Nor does upstate lack for gambling “destinations” now. Indians run casinos near Syracuse and Buffalo, and Albany has already licensed nine race-track video casinos. (And its lottery games — particularly the insidious Quick Draw — vacuum up loose betting dollars everywhere else.)

More fundamentally, does state-sponsored gambling generate wealth in the first place? Is it a good bet for government?

Casino pots are cut many times before a bettor sees a buck. On any given day, some will walk away flush, but over time only casino proprietors and the taxman wind up winners.

This is not necessarily a bad thing, but it is not wealth creation, either. It is, at best, wealth redistribution.

Certainly new casinos will produce sugar highs for public education — the ostensible beneficiary of Cuomo’s gambling proposal — which explains why teachers unions are for it, along with construction unions, some business leaders and the usual spendthrift politicians.

But sugar highs don’t last.

That’s why it’s so hard to see the proposal as anything other than a pig-in-a-poke, meant largely to obscure Cuomo’s sparse progress with upstate economic development — a distraction from his obdurate refusal to permit development of the Southern Tier’s fabulously promising natural gas fields via hydraulic fracturing, or fracking.

Upstaters who consider the governor’s wisp of a gambling proposal to be sufficient should look across the Pennsylvania border for evidence of what environmentally sound, but nevertheless aggressive, fracking can do for a local economy.

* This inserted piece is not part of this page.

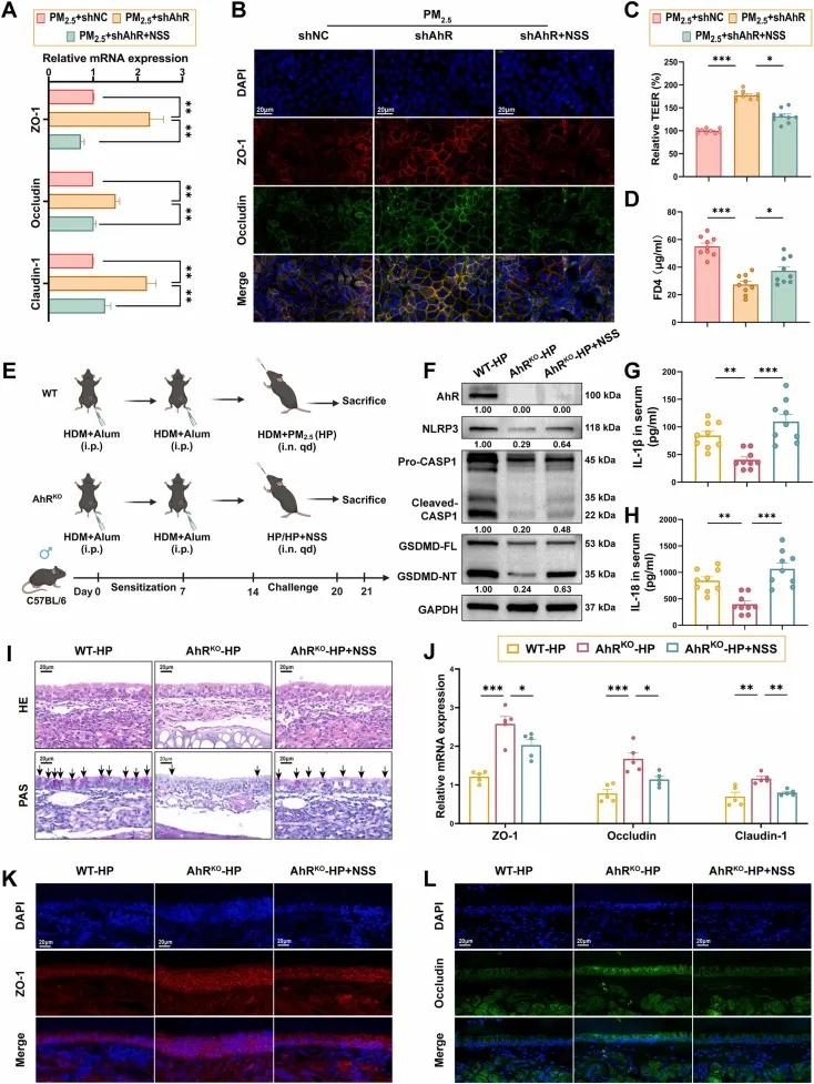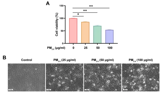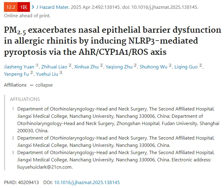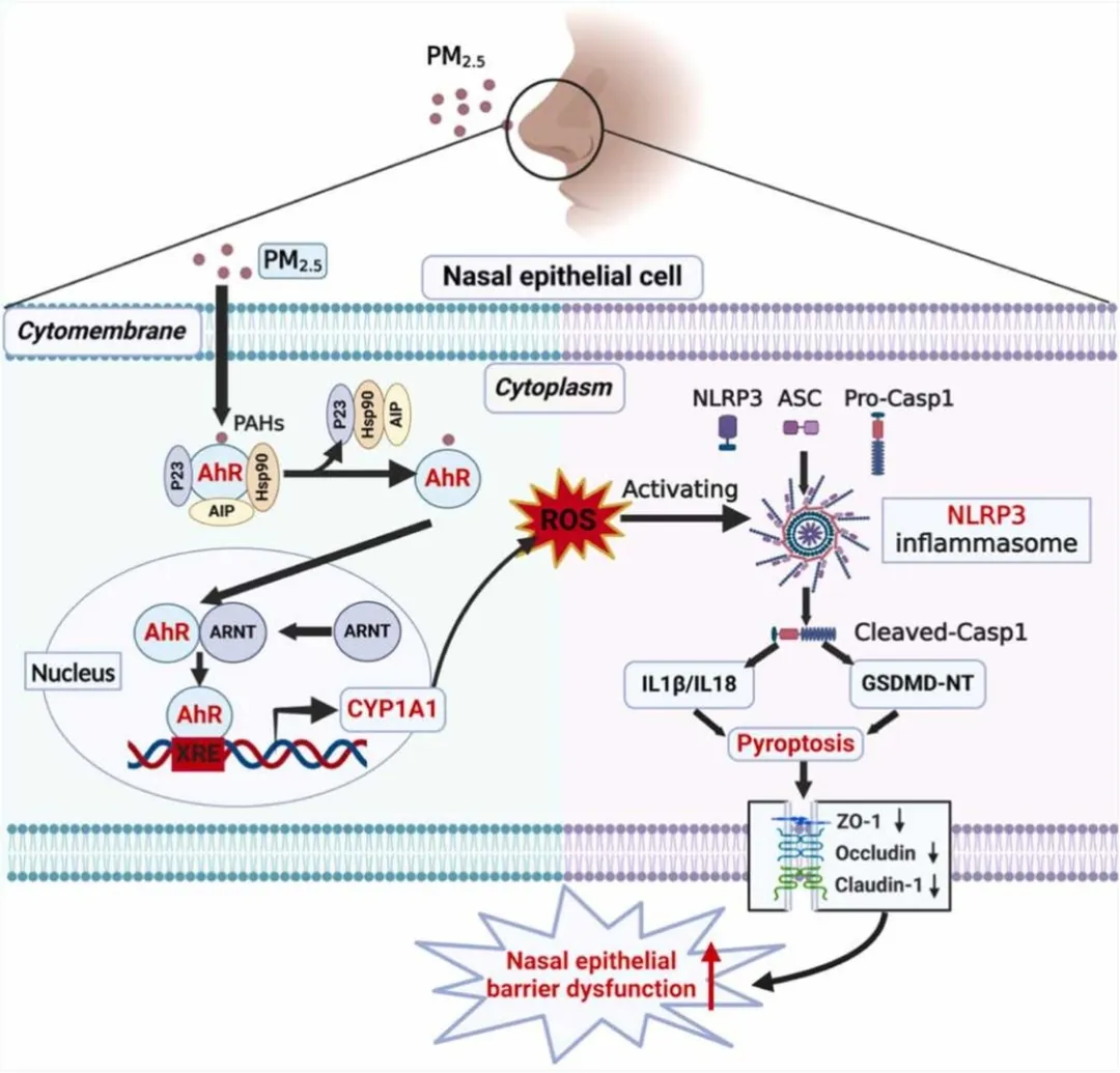 PM2.5是导致过敏性鼻炎的一个关键环境风险因素,主要是因为它能够破坏鼻上皮屏障,而鼻上皮屏障在维持黏膜稳态和保护呼吸道免受过敏原和病原体侵害方面起着至关重要的作用。在变应性鼻炎(AR)中,过敏原通过削弱紧密连接(TJs)破坏这一屏障,使过敏原得以渗透入鼻黏膜,从而导致免疫致敏和2型炎症反应。鼻上皮屏障损伤的程度与鼻部炎症的严重程度相关,并被认为是AR进展的关键标志。环境污染物,尤其是PM2.5,会加剧这种功能障碍,加重AR症状。然而,PM2.5在AR 中损害鼻上皮细胞并破坏屏障完整性的具体机制仍不清楚。

That border effectively bisects the sprawling Marcellus Shale natural-gas reservoir. On the Pennsylvania side, billions have been invested in gas extraction; on the New York side, bupkis.

The result:

— Pennsylvania officials report that Marcellus Shale development generated $11.2 billion for the state’s GDP in 2010, producing $1.1 billion in state and local tax revenue and supporting some 140,000 jobs — paying on average $62,000 a year. That’s without a hint of significant environmental damage.

— New York officials continue a shameful three-year-plus stall on gas-extraction approvals — with no end in sight. (As for casino-revenue estimates, Cuomo’s office had none yesterday.)

Scranton, 50 miles down I-81 from the New York border, experiences relative prosperity. But on any given morning in Binghamton, 11 miles north of the line on that same highway, you can roll a bowling ball down the main drag and not hit much of anything.

That’s true for much of upstate — and three gambling casinos, even if ragingly successful, aren’t going to change much.

The fundamental issue here is fake economic development vs. actual economic development. Cuomo is promoting the former because he lacks the political courage to pursue the latter.

And no number of casinos will change that.